Classifiers, Clusterers, Instances and Filters also have a #serialize
method
which you can use to directly serialize an instance of these, e.g. for a Classifier:
instances = Weka::Core::Instances.from_arff('weather.arff')
instances.class_attribute = :play
classifier = Weka::Core::Trees::RandomForest.build do
train_with_instances instances
end
# Store trained model and its training data structure as binary files:
# This will create a 'randomforest.model' and a 'randomforest.model.structure' file.
# The '*.structure' file holds the instances header which is used to provide some
# info about attributes and the class attribute in the deserialized classifier.
classifier.serialize('randomforest.model')
# load Classifier from binary file(s)
loaded_classifier = Weka::Core::SerializationHelper.deserialize('randomforest.model')
# => #<Java::WekaClassifiersTrees::RandomForest:0x197db331 @instances_structure=...>
In case you need to load a classifier model which you did not serialize yourself, you need to make sure that the deserialized classifier knows about the structure of the data you are going to classify.
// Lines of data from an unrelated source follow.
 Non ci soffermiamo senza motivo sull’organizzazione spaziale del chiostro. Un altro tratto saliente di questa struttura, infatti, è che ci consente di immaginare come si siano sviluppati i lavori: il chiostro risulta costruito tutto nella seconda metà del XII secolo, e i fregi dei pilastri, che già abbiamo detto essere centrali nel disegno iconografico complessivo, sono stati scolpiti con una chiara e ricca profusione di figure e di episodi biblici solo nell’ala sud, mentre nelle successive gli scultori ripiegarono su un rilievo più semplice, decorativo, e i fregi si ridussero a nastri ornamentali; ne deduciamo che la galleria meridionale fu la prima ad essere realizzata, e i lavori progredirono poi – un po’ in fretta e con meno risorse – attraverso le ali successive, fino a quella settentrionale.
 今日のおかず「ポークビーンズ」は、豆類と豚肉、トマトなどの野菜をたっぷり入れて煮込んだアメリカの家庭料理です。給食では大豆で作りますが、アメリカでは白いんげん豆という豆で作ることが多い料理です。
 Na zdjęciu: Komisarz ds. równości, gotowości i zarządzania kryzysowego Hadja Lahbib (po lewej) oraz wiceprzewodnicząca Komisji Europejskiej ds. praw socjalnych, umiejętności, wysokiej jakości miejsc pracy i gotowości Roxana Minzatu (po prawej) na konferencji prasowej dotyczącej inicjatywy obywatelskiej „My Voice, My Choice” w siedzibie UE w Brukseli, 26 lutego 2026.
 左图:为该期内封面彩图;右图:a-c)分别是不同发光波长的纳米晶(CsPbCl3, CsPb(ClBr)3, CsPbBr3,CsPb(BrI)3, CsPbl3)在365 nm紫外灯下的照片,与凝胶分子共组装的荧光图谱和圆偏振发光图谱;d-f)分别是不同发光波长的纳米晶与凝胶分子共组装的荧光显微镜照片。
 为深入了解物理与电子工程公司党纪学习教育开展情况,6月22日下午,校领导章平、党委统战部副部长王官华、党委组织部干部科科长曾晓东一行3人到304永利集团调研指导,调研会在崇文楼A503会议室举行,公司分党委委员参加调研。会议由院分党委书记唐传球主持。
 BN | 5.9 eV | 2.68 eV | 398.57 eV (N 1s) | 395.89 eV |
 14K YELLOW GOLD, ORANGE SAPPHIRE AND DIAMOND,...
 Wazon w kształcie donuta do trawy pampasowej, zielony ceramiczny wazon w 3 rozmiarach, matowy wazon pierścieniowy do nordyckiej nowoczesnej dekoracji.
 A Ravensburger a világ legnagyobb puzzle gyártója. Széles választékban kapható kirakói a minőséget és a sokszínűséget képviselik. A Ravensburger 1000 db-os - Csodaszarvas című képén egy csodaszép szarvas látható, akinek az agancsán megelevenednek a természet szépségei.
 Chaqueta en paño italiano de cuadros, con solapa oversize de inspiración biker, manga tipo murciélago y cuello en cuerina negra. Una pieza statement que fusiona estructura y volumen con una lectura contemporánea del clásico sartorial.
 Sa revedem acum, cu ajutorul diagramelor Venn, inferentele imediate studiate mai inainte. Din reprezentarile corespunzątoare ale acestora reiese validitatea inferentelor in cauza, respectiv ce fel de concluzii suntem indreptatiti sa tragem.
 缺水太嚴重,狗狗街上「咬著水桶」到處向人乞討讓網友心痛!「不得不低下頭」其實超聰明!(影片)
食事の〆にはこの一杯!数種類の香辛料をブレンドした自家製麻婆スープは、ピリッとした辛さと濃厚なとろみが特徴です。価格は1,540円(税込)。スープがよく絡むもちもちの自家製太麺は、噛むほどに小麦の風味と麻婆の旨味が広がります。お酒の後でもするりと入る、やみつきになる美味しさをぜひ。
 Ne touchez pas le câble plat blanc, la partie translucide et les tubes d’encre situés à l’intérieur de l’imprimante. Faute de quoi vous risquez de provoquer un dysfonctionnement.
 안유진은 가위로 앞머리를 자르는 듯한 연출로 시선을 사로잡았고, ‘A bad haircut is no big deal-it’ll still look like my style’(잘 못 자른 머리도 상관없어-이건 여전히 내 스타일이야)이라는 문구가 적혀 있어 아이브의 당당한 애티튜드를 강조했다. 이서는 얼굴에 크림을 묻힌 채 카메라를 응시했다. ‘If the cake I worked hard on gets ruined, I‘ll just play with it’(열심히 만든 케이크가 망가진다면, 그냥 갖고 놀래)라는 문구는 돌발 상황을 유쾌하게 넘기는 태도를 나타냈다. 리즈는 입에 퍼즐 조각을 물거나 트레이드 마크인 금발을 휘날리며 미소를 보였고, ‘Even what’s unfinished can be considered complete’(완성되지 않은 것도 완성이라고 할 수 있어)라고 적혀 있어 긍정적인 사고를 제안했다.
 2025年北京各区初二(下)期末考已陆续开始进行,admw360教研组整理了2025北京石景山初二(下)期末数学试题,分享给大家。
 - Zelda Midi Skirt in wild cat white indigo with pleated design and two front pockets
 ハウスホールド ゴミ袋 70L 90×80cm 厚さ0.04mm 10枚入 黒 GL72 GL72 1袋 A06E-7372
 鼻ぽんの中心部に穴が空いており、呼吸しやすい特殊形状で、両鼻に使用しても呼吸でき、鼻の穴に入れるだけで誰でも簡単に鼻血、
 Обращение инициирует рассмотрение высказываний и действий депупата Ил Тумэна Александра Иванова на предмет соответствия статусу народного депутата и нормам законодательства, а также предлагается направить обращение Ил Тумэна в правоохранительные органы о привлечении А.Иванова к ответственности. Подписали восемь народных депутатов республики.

In order to provide this info you just have to set your deserialized classifier’s instances_structure
. E.g. if you have a Weka::Core::Instances
called test_instances
which holds your test data you can assign just this:
test_instances = Weka::Core::Instances.from_arff('test-data.arff')
loaded_classifier.instances_structure = test_instances
This will take the test_instances
’s structure header (.string_free_header
– an Instances object with only the attributes, and class attribute, but without any instance item) and save it to the classifier in order to allow classify calls and distribution_for calls.
If you deserialize your trained classifier yourself, it will create an additional <model-filename>.structure
file, which just holds exactly this structure info. If such a structure file is available it will automatically be loaded when deserializing a classifier and will assign the instances_structure
.
The same approach can be applied for deserialized clusterers.